如果 agent 点错按钮、误读控件、滚动过头、没有识别 toast,测试报告不能直接归因于产品缺陷。GUI-Perturbed、UI-Zoomer、AutoFocus、DRS-GUI、ScreenParse、WinDeskGround 等工作提示了几个工程原则:
- grounding 结果需要置信度和备选区域,而不是单一坐标;
- 高风险动作前应使用二次确认,例如截图标注、控件树匹配、动作效果验证;
- 测试报告应记录 grounding evidence:目标描述、候选元素、最终坐标、点击前后截图、控件树 diff;
- 对动态列表、瀑布流、弹窗和 WebView,应把“查找元素”建模为搜索过程,而不是一次性定位。
5. 第四条主线:训练范式从 SFT 走向数据飞轮、RL 和自进化
GUIAgent 的训练正在从“收集人工轨迹做 SFT”走向更复杂的数据飞轮:视频和录屏生成轨迹,失败轨迹生成修正样本,环境提供可验证 reward,RL 和 RFT 优化长程任务,memory 系统沉淀经验。
5.1 代表论文
5.2 失败轨迹成为训练资产
UI-Voyager 的核心不是“又训练了一个移动 agent”,而是把失败轨迹变成可学习对象;SE-GA、GUI-CIDER、Video2GUI、HATS、CUA-Suite、GUI-Libra、MobileRL 等工作也都在回答同一个问题:真实 GUI 任务成本高、失败多、路径长,如何把这些失败转化为更好的模型和 policy?
对 APP 自动化测试平台来说,这意味着历史测试资产不再只是用例库,还可以变成训练数据:
- 手工测试录屏 → 轨迹抽取 → 动作序列和页面语义;
- 自动化失败日志 → fork point 定位 → 修复动作或等待策略;
- 缺陷复现步骤 → 可回放轨迹 → 回归测试 seed;
- 多版本测试结果 → UI drift 数据 → grounding 和 verifier 训练样本;
- flaky case → 环境扰动、等待策略、oracle 稳定性数据。
6. 第五条主线:Verifier、Critic、过程奖励正在成为 GUIAgent 的安全阀
长程 GUI 任务的难点不是每一步都完全不会,而是某一步稍微偏航后继续执行,最终产生错误结果甚至危险副作用。

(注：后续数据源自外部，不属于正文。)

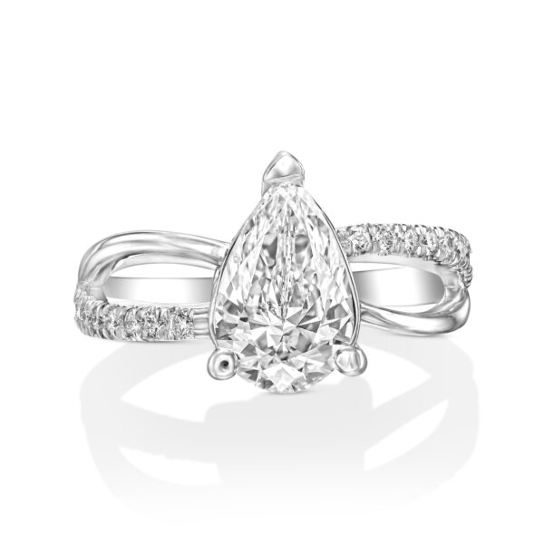 הטבעת מתהדרת ביהלום מרכזי בצורת טיפה וב 14 יהלומים בחיתוך עגול

因此近一年大量工作开始研究 action-effect verification、process reward、history-aware critic、reward model、trace-level comparison。
6.1 代表论文
6.2 从“执行后验收”到“执行中验证”
VeriGUI 强调动作后要验证 expected effect;HiViG 把历史轨迹压缩后用于执行前 critique;StainFlow 把实体证据链引入过程奖励;OS-Themis、WebArbiter、GUI-Shepherd、VAGEN、Video-Based Reward Modeling 等则从不同角度构造“判断 agent 是否真的做对”的机制。
移动端 QA 的落地方式很清晰:
- 点击后验证页面是否切换、控件是否出现、loading 是否消失;
- 输入后验证文本、键盘、焦点和格式化结果;
- 下单前验证价格、优惠、库存、地址、支付方式;
- 发送消息后验证本端、对端、服务端和 push 状态;
- 出现异常时判断是 App bug、网络问题、环境不满足,还是 agent 操作错误。
这会把测试 agent 从“脚本执行器”变成“带审计能力的执行系统”。
7. 第六条主线:Hybrid action 是生产化方向,纯视觉点击不是终局
GUIAgent 研究早期经常强调 screenshot-only,因为它通用、端到端、看起来接近人类。但真实自动化系统不会只靠眼睛和鼠标。能用 API、deeplink、mock、ADB、Appium、UIAutomator、XCUITest、Maestro、日志接口和数据库验证的地方,通常更稳定、更可审计、更安全。
7.1 代表论文
7.2 对移动端测试平台的架构启发
OSWorld-MCP、ToolCUA、CLI-Anything、AutoRPA、SkillDroid、AppAgent-Claw、UltraCUA 等工作共同说明:GUIAgent 的未来不是单一 action space,而是 action routing。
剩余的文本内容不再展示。